The COVID-19 pandemic, with its prohibitions against in-person meetings, put a crimp in gathering public input on the marijuana issue.

“We think electronic meetings are the same — they are not,” said Freed. “They disenfranchise people who may not have the technology or a Zoom account.”

Freed suggested that senior citizens may fall into that group — and seniors are a key constituency for the therapeutic use of cannabis.

“We want to make sure their voices are heard,” said Freed.

Freed said he feared being accused of “kicking the can down the road — first it was July, now it’s September.”

But the reason for the delay was the pandemic and “the inability to hold true public hearings.”

The issue will gather speed now.

“You’re going to see a lot of action over the next three months to get those work sessions started, briefings for our legal team, briefings from business experts,” Freed said. “But it really needs to be a community effort to make this good for our community.

Councilmember Scott Worden asked for additional details.
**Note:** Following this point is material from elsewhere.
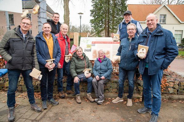 Op vrijdag 12 december is in Haarlo het nieuwe Klompenpad Haarlose Veldpad onder grote belangstelling feestelijk geopend. Wethouder Ria Leliveld van de gemeente Berkelland, voorzitter Ronald Grooters van vereniging Haarlo’s Belang en Arjan vriend, directeur-bestuurder van Stichting Landschapsbeheer Gelderland (SLG) onthulden het startpaneel, samen met vrijwilligers, kinderen en deelnemende grondeigenaren. De opening vond plaats bij het startpunt HCR Prinsen, Eibergseweg 13 in Haarlo. Na de officiële handeling volgde een korte wandeling onder begeleiding van een gebiedskenner over een deel van het Klompenpad. Dus klompen aan, rugzak op en gaan!

“What we’ve done for the planning commission is we want to give them some idea of how other communities in the state have done it,” said Freed. “We have an ordinance from Ferndale — that’s a good community to look at — and I believe we have three other communities. Here’s what’s going on in other communities. Here’s what’s working. Here’s what’s not working. We didn’t just want to start from scratch. There is a lot of good examples around the state we can build upon.”

Worden said that the community will have multiple questions, such as how many licenses will be available and where will the retail shops be permitted to operate. He said that equality of opportunity will be important in terms of who gets the licenses; he wanted to be sure that a sufficient proportion of marijuana businesses would be minority-owned.

“All those questions are exactly why the planning commission will be having numerous work sessions,” said Freed.